Add GMMRegression scikit-learn RegressorMixin #29

Closed mralbu closed 3 years ago

mralbu commented 3 years ago

Adds a scikit-learn RegressorMixin. Addressing #27. Sample usage proposed:

import numpy as np
from sklearn.datasets import load_boston
from sklearn.model_selection import cross_validate

from gmr import GMMRegression

X, y = load_boston(return_X_y=True)

np.random.seed(2)

gmr = GMMRegression(n_components=2)
gmr.fit(X, y)
gmr.score(X, y)
>>  0.7427725113863999

np.random.seed(42)

cross_validate(GMMRegression(n_components=2), X, y)
>> {'fit_time': array([0.00853992, 0.00294971, 0.00394225, 0.00434303, 0.00185752]),
>>  'score_time': array([0.10137773, 0.08251572, 0.07629395, 0.07693887, 0.08095694]),
>>  'test_score': array([       nan, 0.77102495, 0.58159883, 0.0768928 ,        nan])}
AlexanderFabisch commented 3 years ago

Most of my comments have been addressed properly. Three inline comments are still open. In addition, the behavior of the class should be documented here. The code snippet from the top would be perfect.
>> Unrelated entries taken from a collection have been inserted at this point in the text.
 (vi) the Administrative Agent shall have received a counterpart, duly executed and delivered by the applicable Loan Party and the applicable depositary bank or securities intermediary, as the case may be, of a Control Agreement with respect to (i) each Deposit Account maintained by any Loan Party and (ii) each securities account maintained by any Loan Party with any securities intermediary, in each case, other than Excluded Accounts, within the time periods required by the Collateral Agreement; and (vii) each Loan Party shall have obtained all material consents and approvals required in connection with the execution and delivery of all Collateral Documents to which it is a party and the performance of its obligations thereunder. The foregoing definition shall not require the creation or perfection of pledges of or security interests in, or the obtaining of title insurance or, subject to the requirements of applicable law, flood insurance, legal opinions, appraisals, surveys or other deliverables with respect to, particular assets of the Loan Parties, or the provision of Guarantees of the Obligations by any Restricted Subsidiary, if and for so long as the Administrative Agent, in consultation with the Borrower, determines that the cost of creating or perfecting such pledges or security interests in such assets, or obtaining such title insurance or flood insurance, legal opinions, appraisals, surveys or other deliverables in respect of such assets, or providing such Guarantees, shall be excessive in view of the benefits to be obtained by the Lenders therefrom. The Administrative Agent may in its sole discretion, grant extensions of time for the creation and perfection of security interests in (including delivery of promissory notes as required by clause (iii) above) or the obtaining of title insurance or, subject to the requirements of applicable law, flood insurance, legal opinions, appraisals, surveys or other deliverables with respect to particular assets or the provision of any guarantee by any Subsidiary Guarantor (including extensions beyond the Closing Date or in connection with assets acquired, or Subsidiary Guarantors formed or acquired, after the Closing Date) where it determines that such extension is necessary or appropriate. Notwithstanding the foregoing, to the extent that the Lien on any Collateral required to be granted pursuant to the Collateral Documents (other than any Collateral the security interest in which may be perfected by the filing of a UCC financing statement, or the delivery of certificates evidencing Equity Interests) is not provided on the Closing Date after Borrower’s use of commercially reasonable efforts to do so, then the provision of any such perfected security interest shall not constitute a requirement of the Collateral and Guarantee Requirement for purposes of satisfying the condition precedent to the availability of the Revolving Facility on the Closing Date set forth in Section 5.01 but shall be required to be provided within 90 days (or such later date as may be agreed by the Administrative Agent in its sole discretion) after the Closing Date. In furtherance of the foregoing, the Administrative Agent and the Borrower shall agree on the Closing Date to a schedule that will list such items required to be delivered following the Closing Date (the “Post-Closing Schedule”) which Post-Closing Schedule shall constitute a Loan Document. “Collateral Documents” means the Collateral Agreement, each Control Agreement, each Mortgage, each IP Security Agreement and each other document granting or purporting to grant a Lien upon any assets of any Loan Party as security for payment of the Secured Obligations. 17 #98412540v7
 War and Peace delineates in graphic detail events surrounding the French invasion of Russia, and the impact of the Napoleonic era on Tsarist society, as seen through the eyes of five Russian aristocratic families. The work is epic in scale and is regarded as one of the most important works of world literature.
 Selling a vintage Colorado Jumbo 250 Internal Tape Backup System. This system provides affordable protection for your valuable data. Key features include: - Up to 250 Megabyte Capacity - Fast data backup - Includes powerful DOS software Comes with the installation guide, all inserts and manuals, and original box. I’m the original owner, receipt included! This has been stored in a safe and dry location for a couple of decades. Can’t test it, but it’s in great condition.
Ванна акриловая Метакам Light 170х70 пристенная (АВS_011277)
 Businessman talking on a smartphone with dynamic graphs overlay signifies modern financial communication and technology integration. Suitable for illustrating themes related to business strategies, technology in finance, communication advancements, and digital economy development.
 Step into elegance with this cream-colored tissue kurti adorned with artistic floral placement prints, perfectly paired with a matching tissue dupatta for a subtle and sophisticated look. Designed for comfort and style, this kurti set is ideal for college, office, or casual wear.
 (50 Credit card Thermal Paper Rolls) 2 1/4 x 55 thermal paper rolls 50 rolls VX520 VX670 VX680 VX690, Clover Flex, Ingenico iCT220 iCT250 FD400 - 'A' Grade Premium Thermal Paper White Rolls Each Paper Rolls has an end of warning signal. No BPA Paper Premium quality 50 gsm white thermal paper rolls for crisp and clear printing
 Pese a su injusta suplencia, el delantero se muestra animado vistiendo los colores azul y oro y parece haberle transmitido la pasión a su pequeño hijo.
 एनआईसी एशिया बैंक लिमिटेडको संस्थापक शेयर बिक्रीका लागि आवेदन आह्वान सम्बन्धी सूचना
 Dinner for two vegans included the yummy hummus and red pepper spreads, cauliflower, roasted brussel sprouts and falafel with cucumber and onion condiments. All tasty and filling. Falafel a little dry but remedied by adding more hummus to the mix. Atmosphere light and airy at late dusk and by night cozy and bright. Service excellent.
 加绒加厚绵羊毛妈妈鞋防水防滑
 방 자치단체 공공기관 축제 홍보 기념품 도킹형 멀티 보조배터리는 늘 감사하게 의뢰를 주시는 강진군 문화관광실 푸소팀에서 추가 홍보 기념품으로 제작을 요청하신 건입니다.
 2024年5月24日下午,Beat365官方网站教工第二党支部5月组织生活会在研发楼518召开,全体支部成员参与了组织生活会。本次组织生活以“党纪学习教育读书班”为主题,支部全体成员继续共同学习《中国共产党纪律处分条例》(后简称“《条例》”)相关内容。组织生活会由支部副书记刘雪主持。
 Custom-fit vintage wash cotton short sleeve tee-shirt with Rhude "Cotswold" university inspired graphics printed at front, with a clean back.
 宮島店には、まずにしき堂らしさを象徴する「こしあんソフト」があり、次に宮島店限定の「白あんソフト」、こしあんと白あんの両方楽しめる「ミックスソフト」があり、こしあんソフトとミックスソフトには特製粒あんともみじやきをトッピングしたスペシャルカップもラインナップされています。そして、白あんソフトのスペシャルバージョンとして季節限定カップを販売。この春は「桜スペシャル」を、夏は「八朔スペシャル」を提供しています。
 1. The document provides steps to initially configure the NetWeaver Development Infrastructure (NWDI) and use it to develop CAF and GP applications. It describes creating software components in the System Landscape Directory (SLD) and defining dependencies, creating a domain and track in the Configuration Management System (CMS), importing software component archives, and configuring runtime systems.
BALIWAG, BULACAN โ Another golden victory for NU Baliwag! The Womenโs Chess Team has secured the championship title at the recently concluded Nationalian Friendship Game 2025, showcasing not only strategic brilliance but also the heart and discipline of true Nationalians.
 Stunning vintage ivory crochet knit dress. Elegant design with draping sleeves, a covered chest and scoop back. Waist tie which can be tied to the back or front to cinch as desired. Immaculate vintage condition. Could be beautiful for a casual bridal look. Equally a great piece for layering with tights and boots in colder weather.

AlexanderFabisch commented 3 years ago

Just checked the test coverage with nosetests --with-coverage (results are located in cover/index.html). We should add additional tests for the missing branches:


        if X.ndim == 1:
            X = np.expand_dims(X, 1)
        if y.ndim == 1:
            y = np.expand_dims(y, 1)

etc.

AlexanderFabisch commented 3 years ago

Ping @mralbu

My plan is to merge #28 before this one. Do you have time to address my suggestions or should I take over?

mralbu commented 3 years ago

Hi, @AlexanderFabisch

Sorry for taking this long.. I've noticed that the shape checks for X were covered by sklearn.utils.check_X_y. I haven't modified the README.rst instructions, I think you might do a better job than me. I just became aware of the issues with the scikit-learn boston dataset, so maybe another dataset would be a better choice for examples. Feel free to take over additional modifications. Thanks for reviewing and accepting this PR! :)

AlexanderFabisch commented 3 years ago

Sorry for taking this long..

No problem.

I haven't modified the README.rst instructions, I think you might do a better job than me.

OK, I will have it on my list.

I just became aware of the issues with the scikit-learn boston dataset, so maybe another dataset would be a better choice for examples.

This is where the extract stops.